EXERCISE BRIEF =>
Return, word for word, every line starting at the line with "Die Gegenstände, die" and ending at the final line of the entries; skip the pictures.

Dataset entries
*****
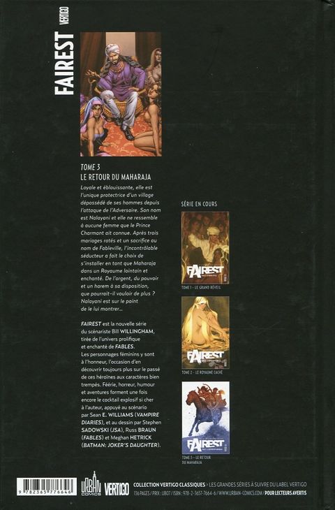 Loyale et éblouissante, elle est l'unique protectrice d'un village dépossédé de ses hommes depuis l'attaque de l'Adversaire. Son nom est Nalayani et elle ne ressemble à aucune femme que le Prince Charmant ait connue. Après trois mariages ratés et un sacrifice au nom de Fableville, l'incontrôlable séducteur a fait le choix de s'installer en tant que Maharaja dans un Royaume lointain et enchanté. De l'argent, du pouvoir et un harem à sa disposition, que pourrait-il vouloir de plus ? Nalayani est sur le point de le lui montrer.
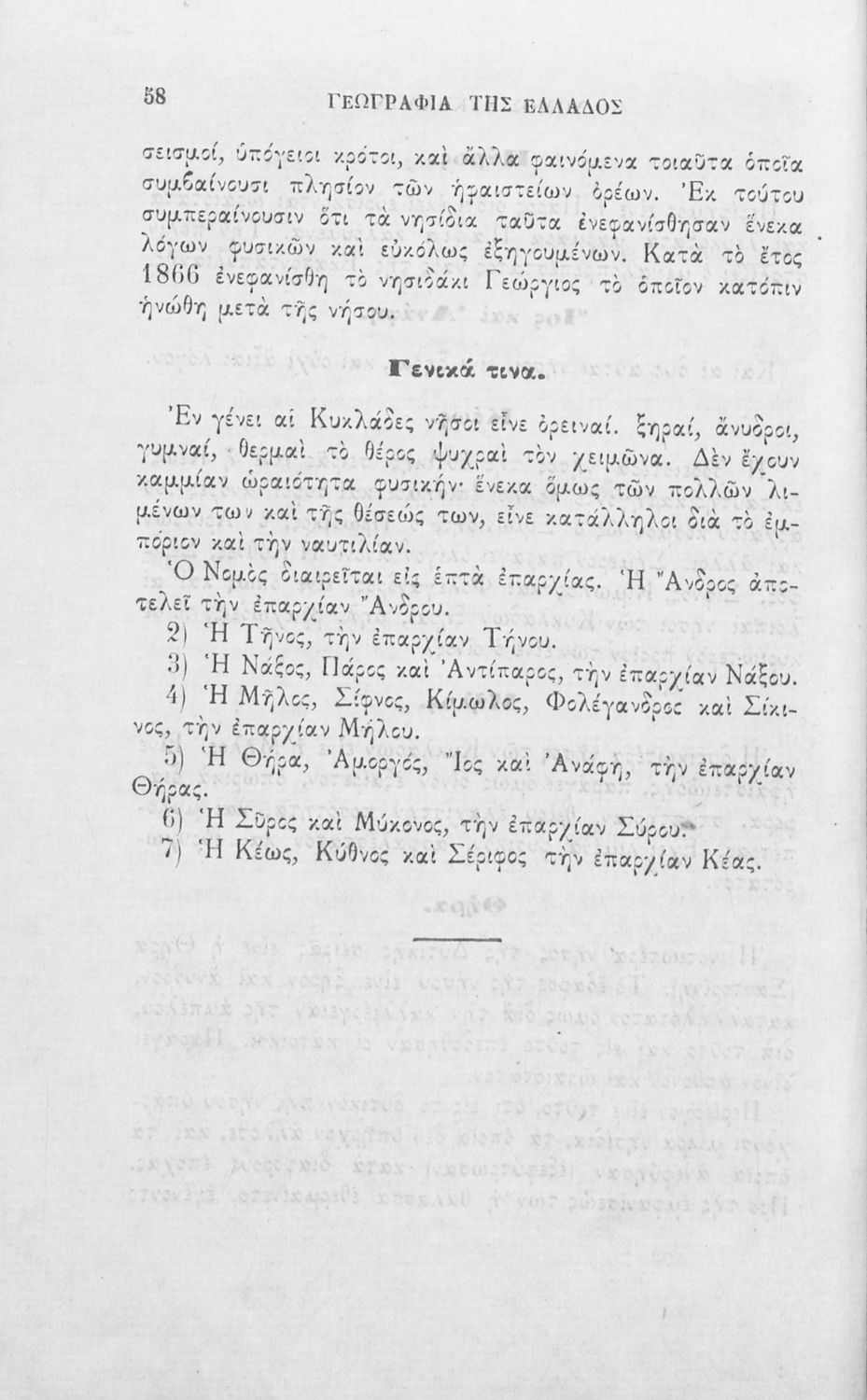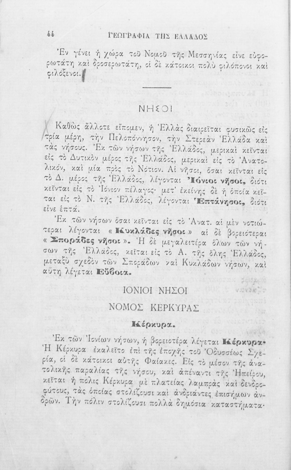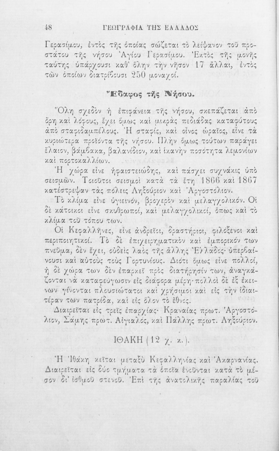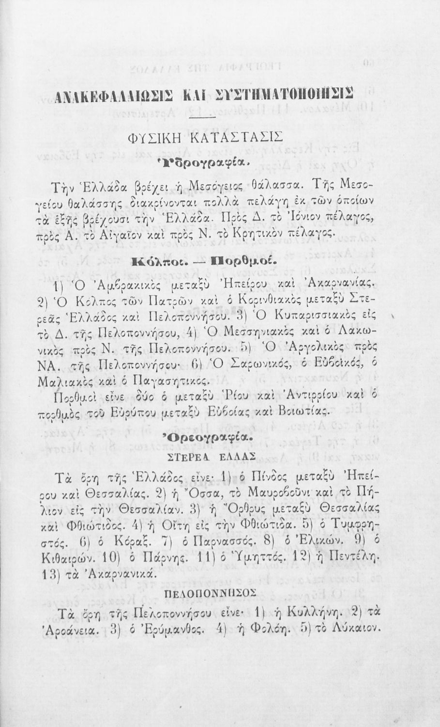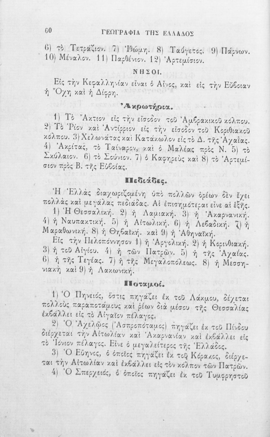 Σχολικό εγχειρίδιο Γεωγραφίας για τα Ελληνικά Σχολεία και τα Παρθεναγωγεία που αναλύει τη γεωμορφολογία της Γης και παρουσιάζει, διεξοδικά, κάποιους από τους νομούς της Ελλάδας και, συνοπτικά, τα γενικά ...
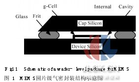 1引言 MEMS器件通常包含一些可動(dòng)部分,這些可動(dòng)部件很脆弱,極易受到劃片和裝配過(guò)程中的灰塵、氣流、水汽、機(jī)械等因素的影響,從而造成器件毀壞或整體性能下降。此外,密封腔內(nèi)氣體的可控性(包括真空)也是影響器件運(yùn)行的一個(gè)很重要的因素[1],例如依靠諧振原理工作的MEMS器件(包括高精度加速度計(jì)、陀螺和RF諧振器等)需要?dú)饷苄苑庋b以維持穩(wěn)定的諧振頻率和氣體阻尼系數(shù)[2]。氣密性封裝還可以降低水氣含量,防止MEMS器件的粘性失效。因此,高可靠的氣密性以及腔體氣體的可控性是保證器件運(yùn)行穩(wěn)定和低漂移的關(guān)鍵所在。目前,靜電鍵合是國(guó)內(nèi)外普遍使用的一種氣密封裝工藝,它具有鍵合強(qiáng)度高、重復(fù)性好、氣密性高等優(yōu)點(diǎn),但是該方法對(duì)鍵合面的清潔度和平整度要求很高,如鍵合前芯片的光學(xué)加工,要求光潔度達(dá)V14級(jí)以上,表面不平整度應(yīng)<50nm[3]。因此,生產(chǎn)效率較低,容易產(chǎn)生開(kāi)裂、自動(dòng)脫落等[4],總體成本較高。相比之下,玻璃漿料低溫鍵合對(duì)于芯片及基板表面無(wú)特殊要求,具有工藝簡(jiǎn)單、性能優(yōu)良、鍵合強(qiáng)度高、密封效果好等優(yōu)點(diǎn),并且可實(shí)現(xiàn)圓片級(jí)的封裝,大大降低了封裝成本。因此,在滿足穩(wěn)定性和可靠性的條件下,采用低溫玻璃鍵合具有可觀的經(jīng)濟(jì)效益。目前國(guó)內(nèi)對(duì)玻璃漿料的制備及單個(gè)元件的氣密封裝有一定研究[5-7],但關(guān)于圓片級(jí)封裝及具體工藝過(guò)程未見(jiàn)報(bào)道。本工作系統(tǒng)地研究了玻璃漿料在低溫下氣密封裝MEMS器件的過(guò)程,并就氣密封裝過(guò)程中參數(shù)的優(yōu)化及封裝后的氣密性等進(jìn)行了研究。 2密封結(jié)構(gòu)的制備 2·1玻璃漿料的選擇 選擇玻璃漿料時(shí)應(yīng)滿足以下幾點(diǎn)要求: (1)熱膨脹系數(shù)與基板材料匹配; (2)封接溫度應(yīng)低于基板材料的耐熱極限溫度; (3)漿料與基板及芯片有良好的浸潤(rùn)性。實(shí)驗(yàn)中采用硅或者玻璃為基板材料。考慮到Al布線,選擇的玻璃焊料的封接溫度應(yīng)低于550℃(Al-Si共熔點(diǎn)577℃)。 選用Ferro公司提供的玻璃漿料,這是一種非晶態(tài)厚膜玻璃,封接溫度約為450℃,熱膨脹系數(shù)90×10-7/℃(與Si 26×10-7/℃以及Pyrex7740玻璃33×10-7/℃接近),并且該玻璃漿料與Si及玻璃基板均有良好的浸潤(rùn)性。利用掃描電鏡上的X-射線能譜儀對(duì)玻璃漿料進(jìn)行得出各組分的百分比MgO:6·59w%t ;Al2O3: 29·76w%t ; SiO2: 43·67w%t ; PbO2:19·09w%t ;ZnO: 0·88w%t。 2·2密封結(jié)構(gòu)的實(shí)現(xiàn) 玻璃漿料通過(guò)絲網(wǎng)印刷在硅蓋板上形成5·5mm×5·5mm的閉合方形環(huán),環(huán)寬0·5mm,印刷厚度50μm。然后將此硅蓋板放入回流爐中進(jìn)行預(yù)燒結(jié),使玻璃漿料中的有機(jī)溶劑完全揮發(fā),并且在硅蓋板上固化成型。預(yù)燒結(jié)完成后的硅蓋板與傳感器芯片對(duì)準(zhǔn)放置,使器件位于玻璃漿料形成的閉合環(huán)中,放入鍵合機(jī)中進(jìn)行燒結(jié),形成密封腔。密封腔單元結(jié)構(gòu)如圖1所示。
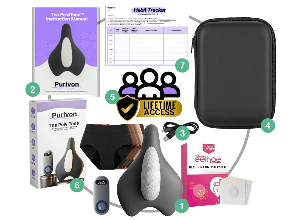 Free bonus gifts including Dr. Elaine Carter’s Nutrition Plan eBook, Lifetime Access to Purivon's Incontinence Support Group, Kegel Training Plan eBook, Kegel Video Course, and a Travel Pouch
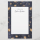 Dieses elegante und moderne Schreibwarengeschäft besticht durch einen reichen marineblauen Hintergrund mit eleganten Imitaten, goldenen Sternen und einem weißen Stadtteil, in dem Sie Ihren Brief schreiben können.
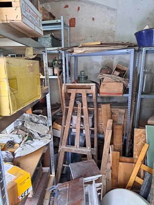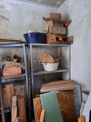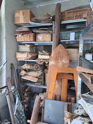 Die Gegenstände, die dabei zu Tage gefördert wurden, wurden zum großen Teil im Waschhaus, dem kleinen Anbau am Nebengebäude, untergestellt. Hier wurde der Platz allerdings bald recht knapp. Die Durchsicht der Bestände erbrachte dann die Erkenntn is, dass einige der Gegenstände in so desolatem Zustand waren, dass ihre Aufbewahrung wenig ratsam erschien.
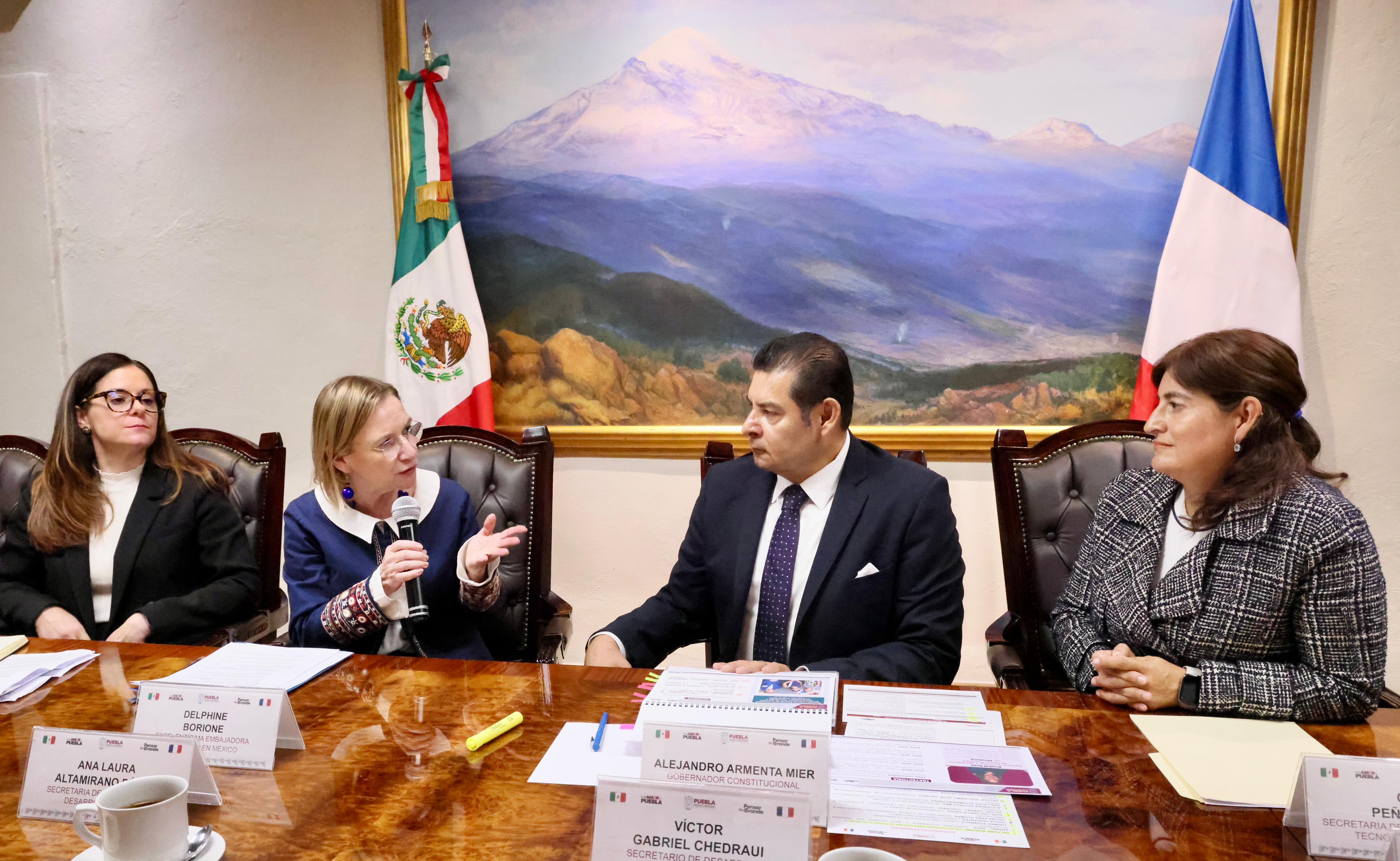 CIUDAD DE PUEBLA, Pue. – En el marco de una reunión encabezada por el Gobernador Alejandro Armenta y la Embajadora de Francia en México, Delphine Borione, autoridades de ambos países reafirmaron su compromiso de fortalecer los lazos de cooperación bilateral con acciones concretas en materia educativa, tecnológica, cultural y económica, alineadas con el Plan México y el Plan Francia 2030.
*****
TASK ANSWER =>
 Die Gegenstände, die dabei zu Tage gefördert wurden, wurden zum großen Teil im Waschhaus, dem kleinen Anbau am Nebengebäude, untergestellt. Hier wurde der Platz allerdings bald recht knapp. Die Durchsicht der Bestände erbrachte dann die Erkenntn is, dass einige der Gegenstände in so desolatem Zustand waren, dass ihre Aufbewahrung wenig ratsam erschien.
 CIUDAD DE PUEBLA, Pue. – En el marco de una reunión encabezada por el Gobernador Alejandro Armenta y la Embajadora de Francia en México, Delphine Borione, autoridades de ambos países reafirmaron su compromiso de fortalecer los lazos de cooperación bilateral con acciones concretas en materia educativa, tecnológica, cultural y económica, alineadas con el Plan México y el Plan Francia 2030.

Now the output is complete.